> [Record set]:

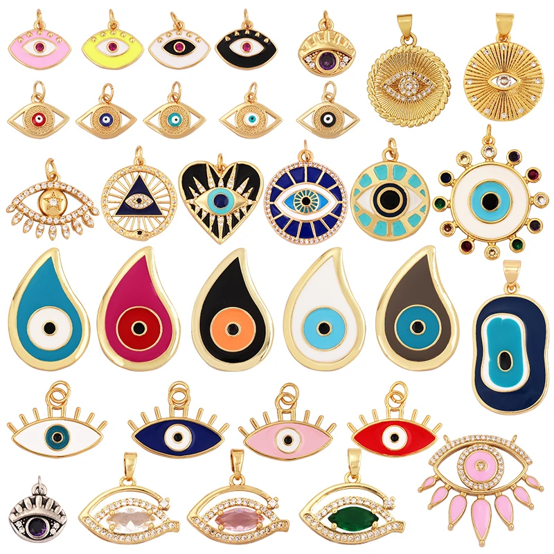 Pendentif à breloque mauvais œil, plaqué or v&e...
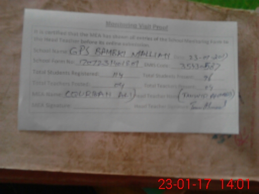 | EMIS Code: 35430587 | Name of School: GPS BAMBKI MALLIAN | |||
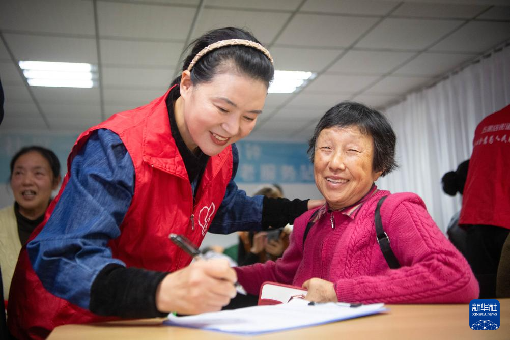 10月29日,在重庆市江北区五里店街道渝能阳光社区“享老驿站”,志愿者与老年居民交流并做健康信息记录。
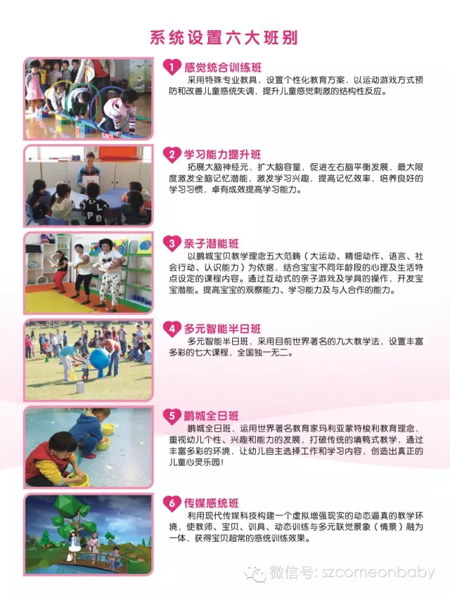 鵬城寶貝系統(tǒng)設(shè)置三大系列六大課程,專業(yè)針對半歲至12歲的寶貝,微信平臺回復(fù):寶寶姓名+性別+年齡+聯(lián)系電話,即可在線預(yù)約體驗課或感統(tǒng)測評喲!
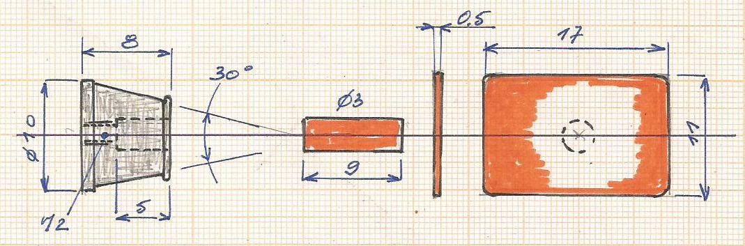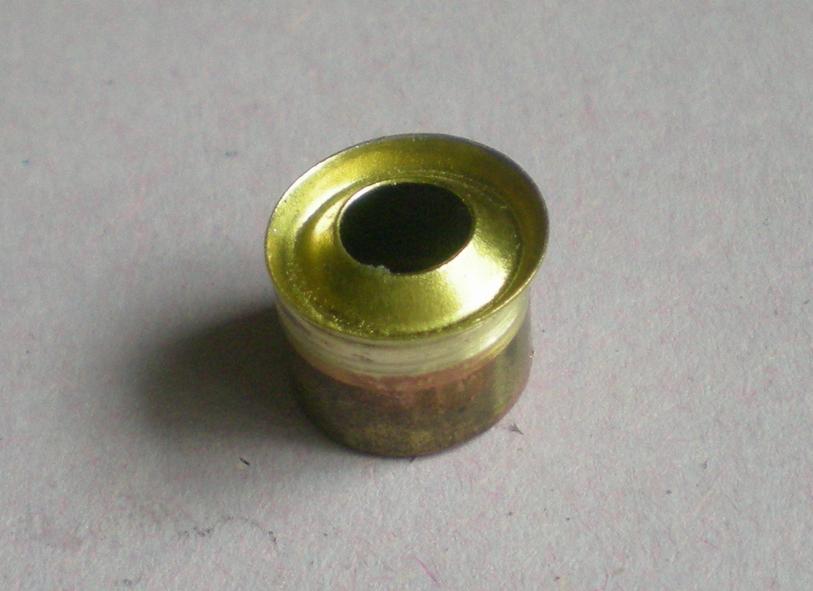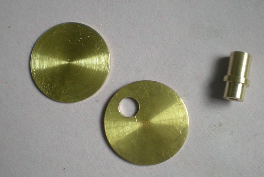 On les réalise simplement avec une coupelle en laiton de diamètre 13 extérieur (quincaillerie) et un morceau de tube de 10 x 12 de longueur 8. Pour souder à l'étain la coupelle, on exécute à la lime un chanfrein sur le tube. On enduit ce chanfrein de soudure, on pose la coupelle bien poncée (elle est vernie) et on chauffe. Un support en alu de diamètre 10 sera percé à M2 et on y glissera le montage réalisé. Normalement il n'y a pas besoin de coller. La vis M2 qui servira au montage bloquera en même temps la rondelle de plexi qu'on ajoutera avant de glisser le tube de laiton. |

> [Exercise prompt]: Could you transcribe all of the data exactly, keeping every picture out of the copy?

> [Written answer]:
 Pendentif à breloque mauvais œil, plaqué or v&e...
 | EMIS Code: 35430587 | Name of School: GPS BAMBKI MALLIAN | |||
 10月29日,在重庆市江北区五里店街道渝能阳光社区“享老驿站”,志愿者与老年居民交流并做健康信息记录。
 鵬城寶貝系統(tǒng)設(shè)置三大系列六大課程,專業(yè)針對半歲至12歲的寶貝,微信平臺回復(fù):寶寶姓名+性別+年齡+聯(lián)系電話,即可在線預(yù)約體驗課或感統(tǒng)測評喲!
 On les réalise simplement avec une coupelle en laiton de diamètre 13 extérieur (quincaillerie) et un morceau de tube de 10 x 12 de longueur 8. Pour souder à l'étain la coupelle, on exécute à la lime un chanfrein sur le tube. On enduit ce chanfrein de soudure, on pose la coupelle bien poncée (elle est vernie) et on chauffe. Un support en alu de diamètre 10 sera percé à M2 et on y glissera le montage réalisé. Normalement il n'y a pas besoin de coller. La vis M2 qui servira au montage bloquera en même temps la rondelle de plexi qu'on ajoutera avant de glisser le tube de laiton. |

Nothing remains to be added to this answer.